Os parlamentares ainda lembram a regulamentação da Anvisa não dá segurança futura a esses pacientes, porque será revista a cada três anos. A liberação da venda dos remédios à base de cannabis pode, então, ser alterada ou até cancelada em 2022. Por isso, os congressistas querem transformar tudo isso em uma lei que garanta a ampliação e também a continuidade dessas normas nos próximos anos. “Precisamos de um lastro jurídico, porque essa regulamentação pode ser alterada a qualquer tempo pelo Executivo. A lei traz, então, uma conotação mais sólida”, entende Vieira.
Por conta disso, os deputados e os senadores prometem dar seguimento à discussão sobre o uso medicinal da maconha em 2020. Na Câmara, uma comissão especial já trata do assunto e conta com apoio de deputados da esquerda e também da direita, como Marcelo Freixo (Psol-RJ) e Carla Zambelli (PSL-SP). Por isso, Paulo Teixeira e Luciano Ducci dizem que há clima para avançar com esse debate, apesar da resistência da bancada evangélica.
Eles adiantam que já inclusive audiências públicas marcadas para fevereiro e março, além de viagens de pesquisa para a Colômbia e o Canadá, pois o intuito é apresentar um relatório sobre o assunto já em abril do próximo ano. “Se o relatório for aprovado na comissão, vira um projeto de lei que vai para o Senado”, contou Ducci, explicando que a comissão tem caráter terminativo, o que permite que o relatório do colegiado não precise passar pelo plenário da Câmara caso haja acordo entre os deputados.

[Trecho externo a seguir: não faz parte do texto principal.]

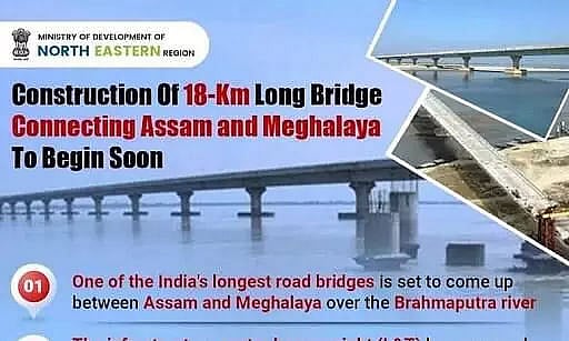 The bridge will be a four-lane bridge over the Brahmaputra river on the National Highway 127 B from Dhubri in Assam to Phulbari in Meghalaya.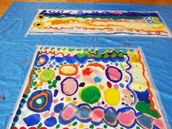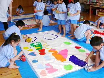 年長組の子どもたちが、大好きなアートに取り組みました。大きなベックス紙に色とりどりの絵の具を使って、大胆に描きます。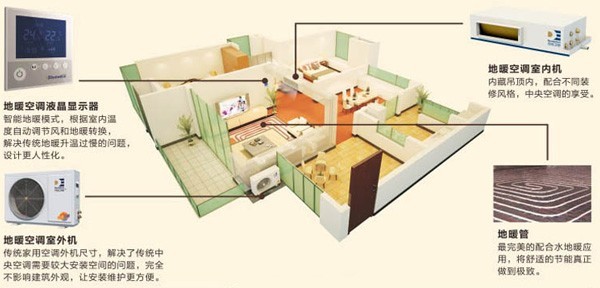 地暖機輻射供暖方式較對比其他供暖方式熱效率高,另外地暖更大的散熱面積使得采暖所需水溫更低,設備的效率更高,同時傳送過程中熱量損失小,更加節能。同時,地暖空調設有液晶顯示器,采取智能地暖的模式,機器能夠根據室內溫度自動調節風和地暖之間的轉換,解決傳統地暖升溫過程慢的問題,設計更加人性化,符合現代人生活的智能化節奏。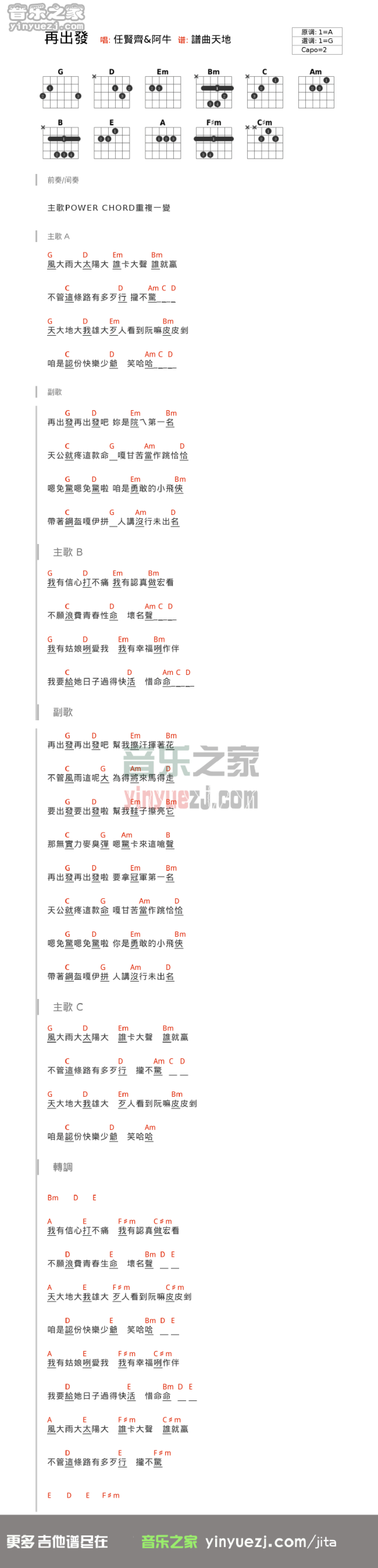 曲谱介绍: G调版任贤齐/阿牛《再出发》和弦谱

O Senado, por sua vez, pode nem esperar esse relatório para discutir o assunto. É que a Comissão de Direitos Humanos do Senado já aprovou a sugestão legislativa da Rede Brasileira de Redução de Danos e Direitos Humanos (Reduc) de liberar a venda e a produção nacional de remédios à base de cannabis e esse projeto já está na Comissão de Constituição e Justiça (CCJ). Na CCJ, Alessandro Vieira entregou o cargo de relator a Styvenson Valentin (Podemos-RN), que se diz favorável à regulamentação da venda, mas tem resistência à liberação do plantio.
No Senado, contudo, essa discussão deve contar com um apelo emocional extra. É que a senadora Mara Gabrilli (PSDB-SP), que é tetraplégica, já admitiu que depende dos remédios à base de cannabis para manter seu quadro de saúde estável e é uma grande defensora do projeto. Foi ela, com um depoimento emocionante sobre sua relação com esse tipo de medicamento, por sinal, que convenceu a CDH a aprovar esse projeto. Veja o depoimento dela aqui.
“Precisamos garantir o acesso a todos que precisam, que sofrem com dor. Segundo a própria Anvisa, são mais de 13 milhões de brasileiros, com diferentes doenças, que poderiam se beneficiar desses medicamentos. Em Israel, o uso medicinal da cannabis foi aprovado em 1999 e a tecnologia israelense de maconha medicinal melhorou significativamente a vida de milhares de pessoas que a usam como um remédio permanente. Estamos mais de duas décadas em atraso”, conta Mara Gabrilli, que considera a regulamentação proposta pela Anvisa como um primeiro passo desse processo.
“Acredito que vamos conseguir sensibilizar os parlamentares e aprovar esse projeto. Afinal, a dor de um paciente brasileiro não é diferente da dor de um paciente de qualquer um dos mais de 40 países que já regulamentaram o uso medicinal da planta. Por isso, não há justificativa para que os pacientes brasileiros não tenham acesso ao que há de mais seguro e eficaz para o tratamento de suas necessidades”, defende a senadora, lembrando que uma pesquisa realizada pelo DataSenado já mostrou que 79% dos brasileiros também são a favor de os que medicamentos feitos a partir da maconha sejam fornecidos gratuitamente pelo SUS.